Teva’s strategy to boost its operational efficiency and tap strategic partnerships seems to be paying off. In its Q3 earnings report, Teva announced that global revenues were up to $3.9 billion, marking a 7% rise from the previous year’s third quarter. Factors fueling the growth include the robust performance of their specialty medications, Austedo and Ajovy, as well as a strong showing from their generics portfolio. However, despite these promising stats, investors appear to be cautious. Teva’s stock is down almost 8% so far this year, currently trading at $8.77.

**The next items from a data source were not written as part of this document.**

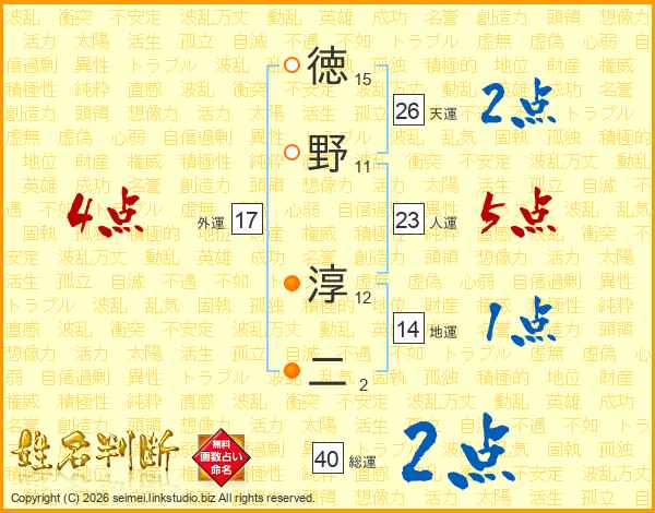 徳(15画)野(11画) 淳(12画)二(2画)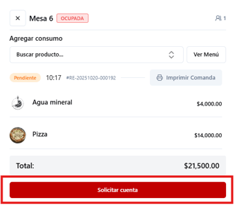 🔵 Cuenta solicitada: el cliente pidió la cuenta, pendiente de cierre.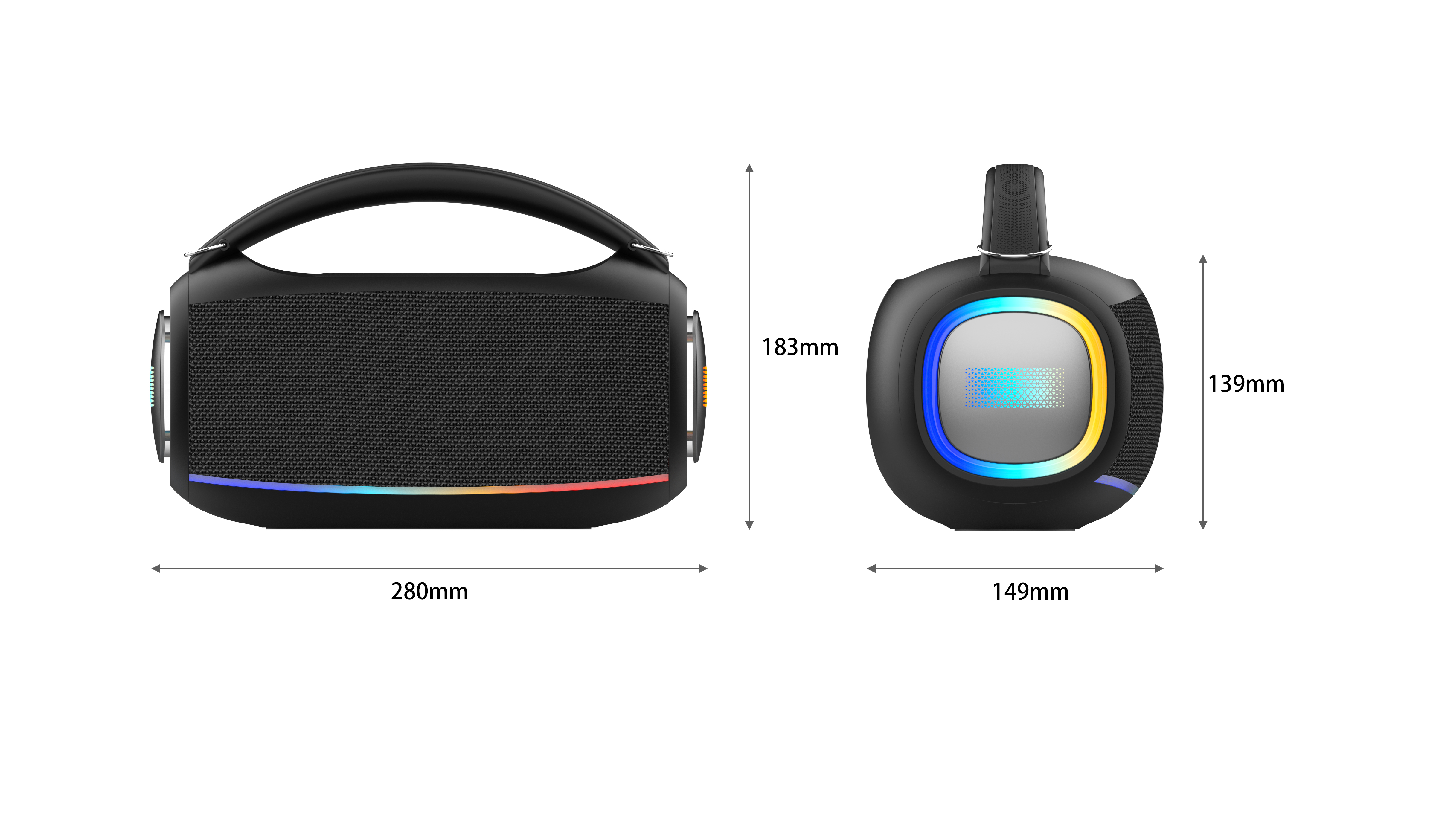 | Selling point | 1.Powerful bass with clear sound 2.With belt,easy to carry 3.OEM laser caving logo 4.OEM different colors 5.RGB lights |
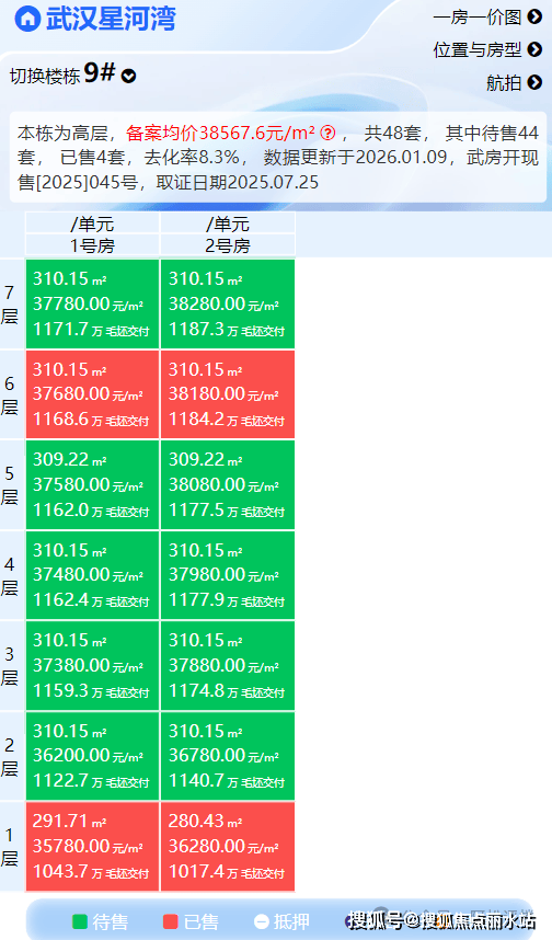 武汉星河湾7、8号楼建面约264、274㎡带装修房源及1、9号楼建面约296㎡、310㎡毛坯房均在售。

For Austedo, Sven Dethlefs, the company’s head of North America commercial, noted that the company has seen growth for the extended-release version of the drug. In an earnings call, Dethlefs said the company has seen “a significant number of new prescribers that have never prescribed Austedo before that now start prescribing Austedo XR.” He added that the demand for the XR version of the drug puts the company on the right track in “making Austedo a continuous growth driver” for its business.
A rosy outlook for 2024
The company bolstered its outlook for 2024, forecasting its revenue to fall in the range of $15.1 to $15.5 billion. Factors behind the optimistic projection include an exclusive deal with Sanofi aimed at developing and commercializing new treatments. The company has also made progress with its “Pivot to Growth” strategy, which involves fortifying its commercial offerings with profitable drugs and biosimilars. Other pillars of the strategy include homing in on neuroscience and immunology, sustaining its established presence in the generics marketplace, and allocating capital to fuel these areas of growth.
Financial performance in context
With this “Pivot to Growth” strategy, Teva projects to surpass annual revenues of $2.5 billion from Austedo alone by 2027.

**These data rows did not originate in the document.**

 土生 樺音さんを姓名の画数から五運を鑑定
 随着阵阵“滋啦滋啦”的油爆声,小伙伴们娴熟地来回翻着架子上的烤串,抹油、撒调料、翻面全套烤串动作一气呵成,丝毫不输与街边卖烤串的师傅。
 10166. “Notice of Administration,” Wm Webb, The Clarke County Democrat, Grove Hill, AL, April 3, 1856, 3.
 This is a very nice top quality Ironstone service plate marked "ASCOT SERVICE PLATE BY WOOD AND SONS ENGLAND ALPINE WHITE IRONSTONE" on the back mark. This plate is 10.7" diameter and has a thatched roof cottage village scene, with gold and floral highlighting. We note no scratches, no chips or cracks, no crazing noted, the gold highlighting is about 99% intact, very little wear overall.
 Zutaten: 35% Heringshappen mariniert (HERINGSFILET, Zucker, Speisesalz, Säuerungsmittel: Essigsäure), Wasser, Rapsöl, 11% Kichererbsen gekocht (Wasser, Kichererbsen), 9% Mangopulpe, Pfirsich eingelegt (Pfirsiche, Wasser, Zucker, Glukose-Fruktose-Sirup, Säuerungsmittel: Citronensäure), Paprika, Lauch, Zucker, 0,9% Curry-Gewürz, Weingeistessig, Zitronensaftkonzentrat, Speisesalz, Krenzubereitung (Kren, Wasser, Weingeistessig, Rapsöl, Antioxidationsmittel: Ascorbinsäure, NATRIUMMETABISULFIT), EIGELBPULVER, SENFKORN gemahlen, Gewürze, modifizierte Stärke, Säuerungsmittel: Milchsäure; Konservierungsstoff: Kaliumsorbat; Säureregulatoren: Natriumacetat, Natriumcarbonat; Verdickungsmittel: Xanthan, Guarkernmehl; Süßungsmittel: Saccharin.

The graph below charts revenues alongside GAAP and non-GAAP earnings-per share (EPS).
Given the current war in Israel, Teva has introduced a proactive strategy to ensure the safety and well-being of its workforce while maintaining its operational commitments.

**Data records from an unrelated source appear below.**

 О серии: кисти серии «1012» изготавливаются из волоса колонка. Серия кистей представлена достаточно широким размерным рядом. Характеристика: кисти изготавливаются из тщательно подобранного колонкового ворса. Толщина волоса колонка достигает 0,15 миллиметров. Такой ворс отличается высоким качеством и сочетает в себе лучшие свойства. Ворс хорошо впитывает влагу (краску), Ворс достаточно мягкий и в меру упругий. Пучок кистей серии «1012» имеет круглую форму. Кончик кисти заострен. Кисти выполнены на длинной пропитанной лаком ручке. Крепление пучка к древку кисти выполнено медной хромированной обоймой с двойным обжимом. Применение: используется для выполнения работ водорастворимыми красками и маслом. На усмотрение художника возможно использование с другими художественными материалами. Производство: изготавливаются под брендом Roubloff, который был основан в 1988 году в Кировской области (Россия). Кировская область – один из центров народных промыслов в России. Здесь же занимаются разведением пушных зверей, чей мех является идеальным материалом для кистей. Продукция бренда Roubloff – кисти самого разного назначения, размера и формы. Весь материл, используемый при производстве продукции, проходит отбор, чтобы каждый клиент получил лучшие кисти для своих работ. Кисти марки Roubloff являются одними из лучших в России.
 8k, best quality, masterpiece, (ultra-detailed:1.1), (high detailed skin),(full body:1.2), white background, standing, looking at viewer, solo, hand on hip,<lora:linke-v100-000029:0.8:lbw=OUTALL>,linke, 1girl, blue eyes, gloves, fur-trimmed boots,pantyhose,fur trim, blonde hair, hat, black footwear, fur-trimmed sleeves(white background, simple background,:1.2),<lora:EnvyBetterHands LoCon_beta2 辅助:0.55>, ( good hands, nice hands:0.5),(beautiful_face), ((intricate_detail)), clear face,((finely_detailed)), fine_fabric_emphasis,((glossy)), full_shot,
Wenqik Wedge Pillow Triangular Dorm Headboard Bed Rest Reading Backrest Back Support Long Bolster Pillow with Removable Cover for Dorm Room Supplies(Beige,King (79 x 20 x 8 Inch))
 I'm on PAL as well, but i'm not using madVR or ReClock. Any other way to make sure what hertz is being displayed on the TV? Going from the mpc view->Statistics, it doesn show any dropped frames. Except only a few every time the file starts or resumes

Although Teva has projected growth into 2024, the company’s stock has fallen considerably since its peak in 2015, when it hit a high closing price of $67.06 on July 27, 2015. A number of factors are at play in the decline, including a considerable debt burden, legal entanglements, and challenges in converting earnings into free cash flow. As of mid-2021, Teva carried net debt of about $22.7 billion, and while the debt levels have been decreasing, they still constrain the company. In addition, Teva has faced a number of legal woes, ranging from patent disputes to the opioid litigation. In 2022, Teva joined Allergan (now a unit of AbbVie) in agreeing to pay $5B billion to settle opioid allegations.